BCKDE1A Das Double-Nickase-Plasmid (h) besteht aus einem aufeinander abgestimmten Plasmidpaar, das für die hochspezifische Bearbeitung des BCKDHA-Lokus in human-Zelllinien entwickelt wurde. Jedes Plasmid exprimiert eine Cas9-D10A-Nickase und eine spezifische sgRNA, die auf entgegengesetzte DNA-Stränge innerhalb von BCKDHA abzielt. Wenn sie auf benachbarte Stellen auf entgegengesetzten DNA-Strängen gerichtet sind, erzeugen die beiden Nickasen versetzte Einzelstrang-Schnitte, die zusammen einen versetzten Doppelstrangbruch erzeugen, was eine koordinierte On-Target-Aktivität beider Guides erfordert. Der resultierende DNA-Bruch wird durch endogene zelluläre Reparaturwege behoben, meist durch nicht-homologe Endverknüpfung (NHEJ), was zu Insertionen oder Deletionen führt, die die BCKDHA-Funktion stören. Durch die Notwendigkeit einer doppelten sgRNA-Bindung am Zielort erhöht der Doppel-Nick-Ansatz die Spezifität der Bearbeitung und bietet eine komplementäre CRISPR-Strategie für Anwendungen, bei denen eine zusätzliche Kontrolle über die Zielgenauigkeit gewünscht ist.
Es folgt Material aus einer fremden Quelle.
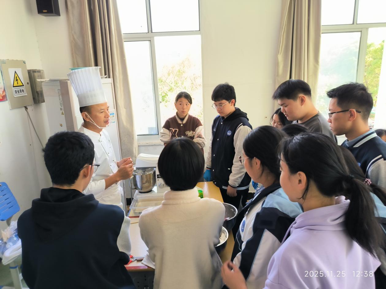 我校特邀江西省外语外贸大学西点大师、世界技能大赛比赛裁判郑春年先生莅临校园,为同学们带来精彩的法式糕点制作课程。郑大师以其专业的西点技艺,带领同学们深入体验法式烘焙的独特魅力。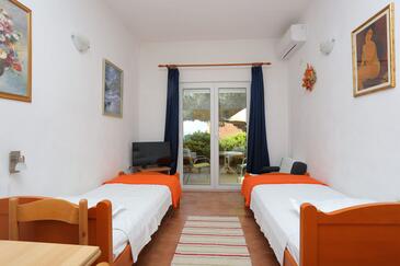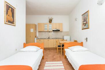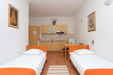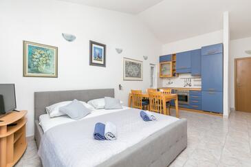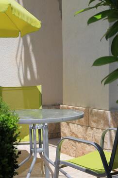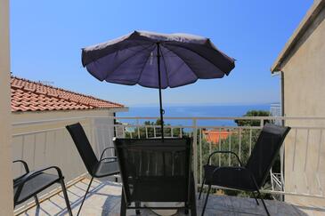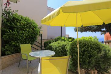 Az Apartman 6 főt tud fogadni. Az ágyak a/az 2 hálószobában vannak, melynek méretei 57m2. A forró nyári estéket a vendégek saját teraszukon élvezhetik. Az apartmanból tengerre néző kilátás nyílik. A közös barbecue-helyet a vendég szabadon használhatja.

Um eine effiziente Identifizierung editierter Zellen zu unterstützen, kodiert ein Plasmid GFP zur fluoreszierenden Visualisierung transfizierter Populationen, während das Begleitplasmid ein Puromycin-Resistenzgen für die Antibiotika-Selektion trägt. Zusammen unterstützen diese Merkmale eine effiziente Anreicherung co-transfizierter Populationen und vereinfachen die Validierung von Klonen mit BCKDHA-Störung.
Nur für Forschungszwecke. Nicht für diagnostische oder therapeutische Zwecke bestimmt.